A web-based discussion group I hang out at has started to recycle its post addresses. I’d like to copy the old posts before they disappear. To do this, I need to download a bunch of files with the following format: http://www.qwerty.com/####.htm , where #### is a sequential number.
Can this be done with early Win95 and possibly Netscape 4.5 or Internet Explorer using wildcard commands? If all fails, I can get a friend to write a perl script to download the data (shouldn’t a Unix program be able to do this w/o a script?), but I’d rather do it myself.
i’d recommend a program called offline explorer…or web snake. both of them can mirror sites. so set it to go one night, grab the whole site, and then maybe manually grab each thread as it’s closed.
nice thing about those programs is that you can set them to download *.jpg or *.gif or what ever (a boon to when you download porn, er, clip art) or .txt or whatever format you want, or the whole site. and you can tell them to download however many ‘clicks’ you want, and, at least with offline explorer, you can tell it to not download anything off of the main site, so it won’t ‘click’ on any banners.
That’ll work, ubermensch! I downloaded the program, and while I haven’t figured out how to restrict levels (what I need is several levels down from the top, but not all the way down), it looks like this is what I need. I guess another hard drive to store all this is next. Thanks!

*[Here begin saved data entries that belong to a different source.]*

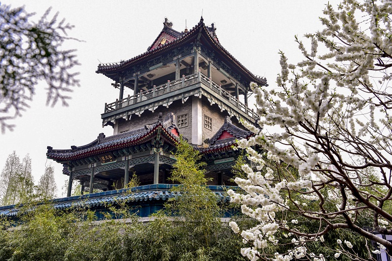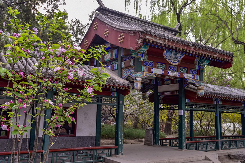 在昌平公园内,静静地湖水倒映着岸边的花树,楼台亭阁被花海包围。步行园中,静谧而舒畅。
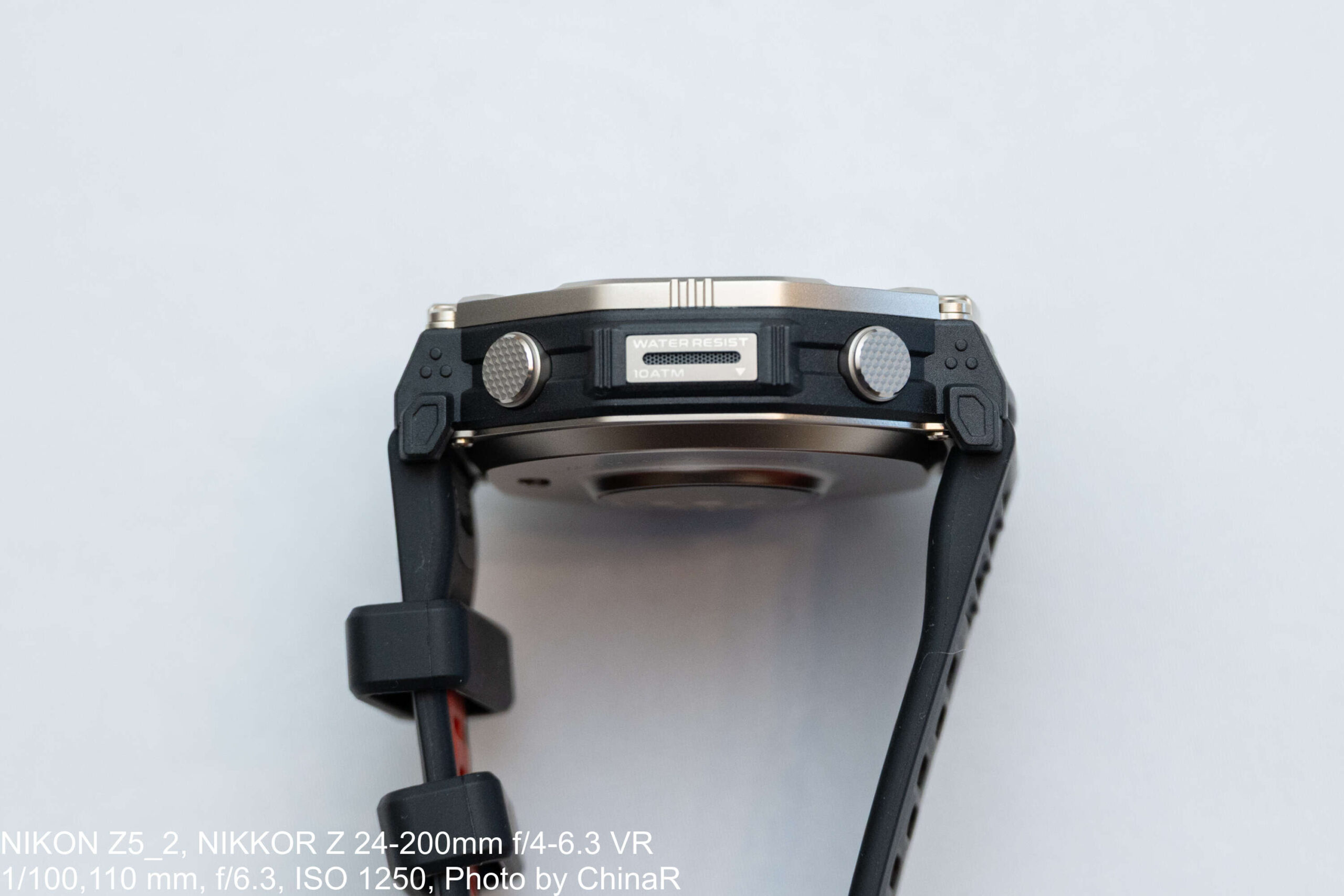 ただ、赤の差し色が派手に見えるようで、実際に装着してみると意外とシュッとしたまとまりのある印象です。ビジネスシーンでは少し迷うところですが、行けるっちゃ行けるデザインに仕上がっているかなと。ベゼルとボタンにはGrade5チタン合金を採用しており、高級感と堅牢性を両立しているのもポイントです。
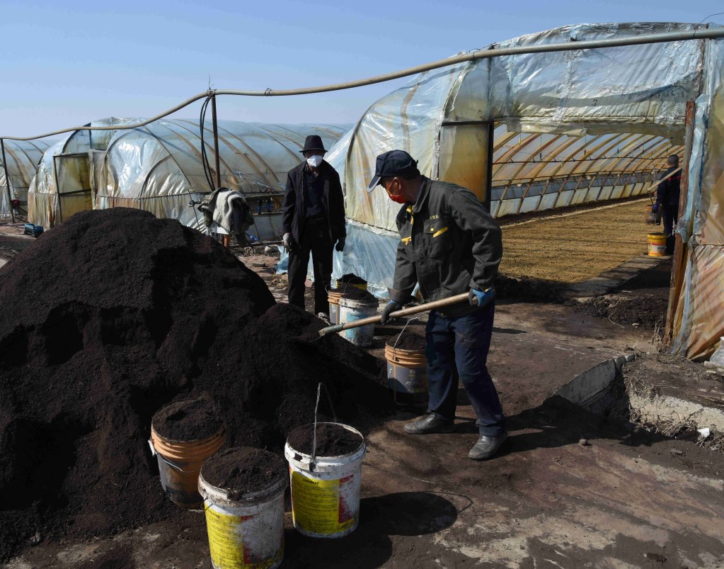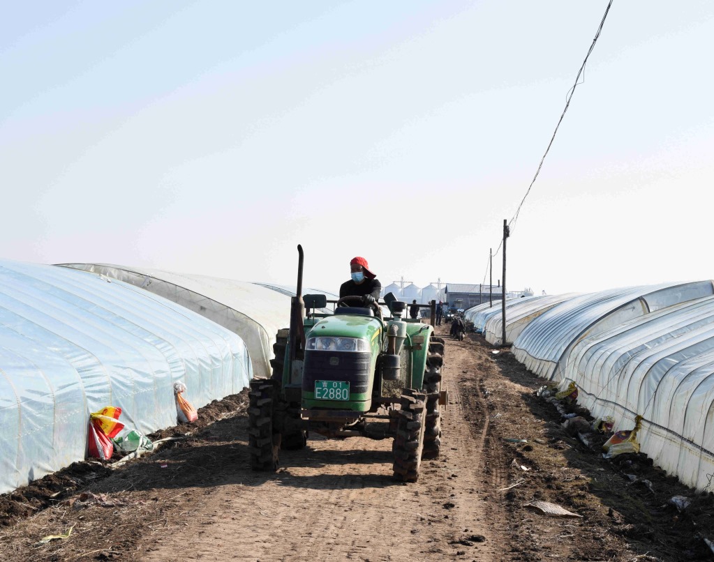 4月2日,在五常市友好村烏拉巴街屯,村民正在將土運進(jìn)大棚。新華社記者梁書斌攝

If you have a copy of MS Office, it includes FrontPage, which has an import ability. You give it a top page, the depth you want to go and a size limit, and it’ll suck in a web site. You can then pare to your needs.

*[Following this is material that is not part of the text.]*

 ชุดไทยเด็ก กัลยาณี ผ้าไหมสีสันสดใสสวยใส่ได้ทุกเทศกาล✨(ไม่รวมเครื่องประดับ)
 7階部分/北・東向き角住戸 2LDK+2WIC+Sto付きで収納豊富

If the website you’re going to download these archived files from has a simple index page, or allow directory listing, a simple batch download utility will do the trick. Offline browsers are great, but they may get unecessarily complicated. I’d recommend something like Go!Zilla (you want the link leecher specifically), which can work better than offline browsers in some instances. It’s also free, if that matters…
Everyone, thanks for the suggestions. As of yesterday, they went back to giving each post a new number, so the need for a second archive site is gone.
The strange thing is that I can’t access the archived posts. Running a browser, you just click on an archive page which has a tar###.shtml filename, then click on whatever post (.shtml file) you want. With Offline Explorer, I’ve left the archive settings open, changed the starting URL, &c, &c, and I still can’t get any of the posts from the archives to download. The archive directories load just fine.
As far as I can tell, the guys who own the site have lost interest in it and pay the bills more as a courtesy to the participants. They rarely return e-mail, so I don’t think I could get an ftp address from them.
Anyway, it’s a moot point now. Just for the hell of it, I’ll probably play around with this. Go!zilla, here I come!